[What you need to do]: Keep images out and repeat all data exactly.

[Data under study]:
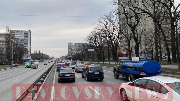 Пробки в Киеве образовались, несмотря на карантин. Фото: Telegram/ PavlovskyNews
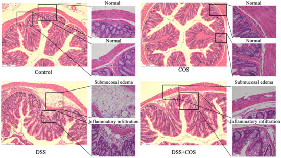 To further investigate the effect of COS on the intestinal barrier, H&E (hematoxylin and eosin) staining was performed to assess the histopathological alteration of the colon. As depicted in Figure 6, there was no significant histological change between the control and the COS-treated group. However, severed submucosal edema and the infiltration of inflammatory cells were observed in the DSS group (Figure 6, black frames). As expected, submucosal edema and the infiltration of inflammatory cells were alleviated by COS administration, which indicated that COS was effective in preventing severe intestinal damage in this model.
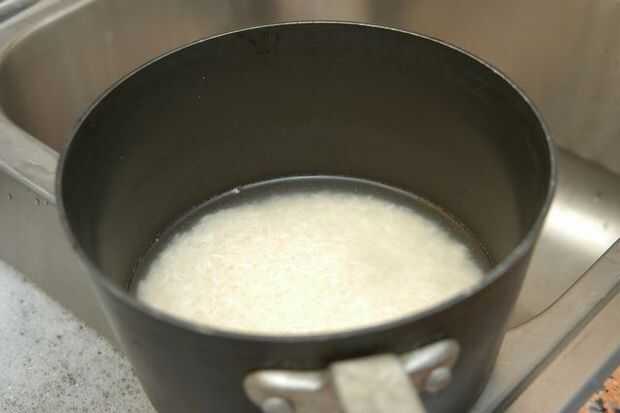 Ahora se enjuague bien el arroz. Generalmente encuentro que llenar la olla con agua, el arroz alrededor se arremolinan y drenando el agua hacia fuera tres veces es suficiente. Quieres el agua para ser clara y libre de la nubosidad con almidón se notan en la primera foto.
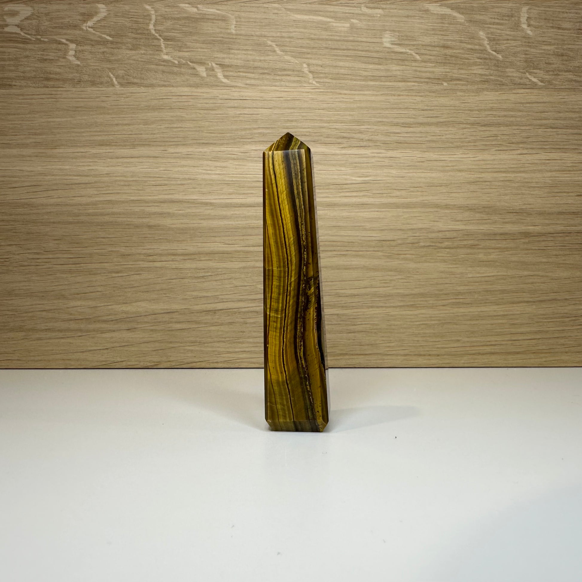 Dette kraftfulde Tigerøje Tårn er en sten af styrke, beskyttelse og indre klarhed. Med sine gyldenbrune striber og karakteristiske glans kombinerer tigerøje jordforbindelse med mental skarphed. Tårnformen leder energien opad og fokuserer dens egenskaber, hvilket gør det ideelt til beskyttelse, selvtillid og beslutningstagning.
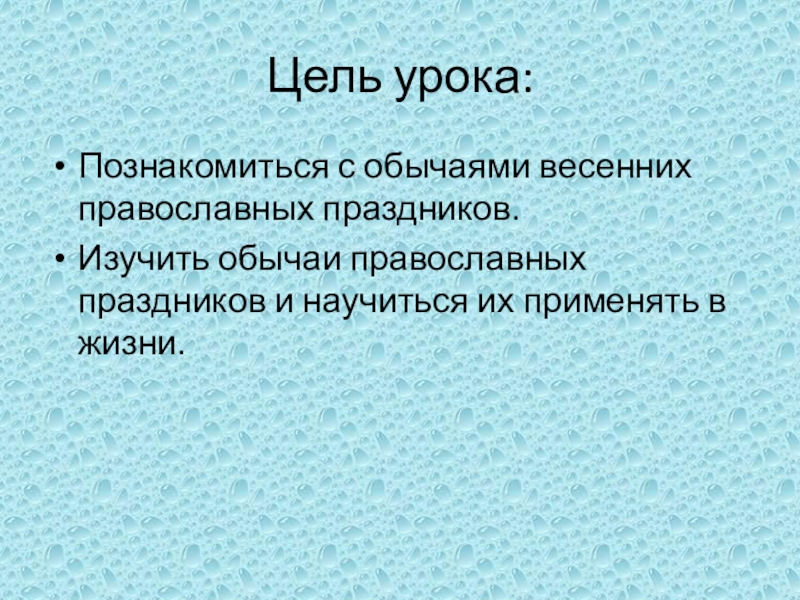 Цель урока:Познакомиться с обычаями весенних православных праздников.Изучить обычаи православных праздников и научиться их применять в жизни.
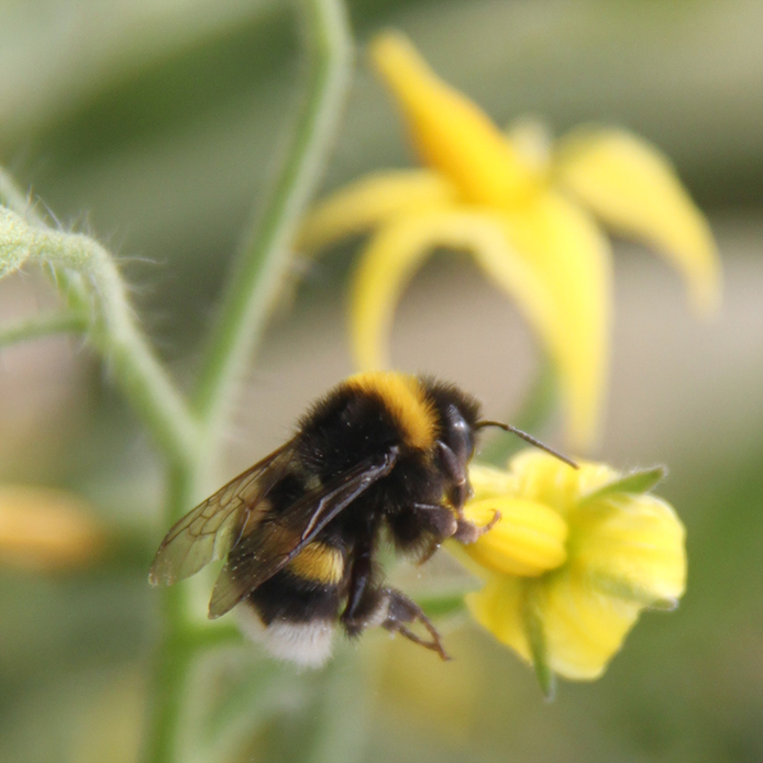 溫室番茄熊蜂授粉,熊蜂授粉替代人工點花,省時省工,生產(chǎn)出來的果實品質(zhì)好,果形周正,提高了產(chǎn)量,增加了收益。

[Written answer]:
 Пробки в Киеве образовались, несмотря на карантин. Фото: Telegram/ PavlovskyNews
 To further investigate the effect of COS on the intestinal barrier, H&E (hematoxylin and eosin) staining was performed to assess the histopathological alteration of the colon. As depicted in Figure 6, there was no significant histological change between the control and the COS-treated group. However, severed submucosal edema and the infiltration of inflammatory cells were observed in the DSS group (Figure 6, black frames). As expected, submucosal edema and the infiltration of inflammatory cells were alleviated by COS administration, which indicated that COS was effective in preventing severe intestinal damage in this model.
 Ahora se enjuague bien el arroz. Generalmente encuentro que llenar la olla con agua, el arroz alrededor se arremolinan y drenando el agua hacia fuera tres veces es suficiente. Quieres el agua para ser clara y libre de la nubosidad con almidón se notan en la primera foto.
 Dette kraftfulde Tigerøje Tårn er en sten af styrke, beskyttelse og indre klarhed. Med sine gyldenbrune striber og karakteristiske glans kombinerer tigerøje jordforbindelse med mental skarphed. Tårnformen leder energien opad og fokuserer dens egenskaber, hvilket gør det ideelt til beskyttelse, selvtillid og beslutningstagning.
 Цель урока:Познакомиться с обычаями весенних православных праздников.Изучить обычаи православных праздников и научиться их применять в жизни.
 溫室番茄熊蜂授粉,熊蜂授粉替代人工點花,省時省工,生產(chǎn)出來的果實品質(zhì)好,果形周正,提高了產(chǎn)量,增加了收益。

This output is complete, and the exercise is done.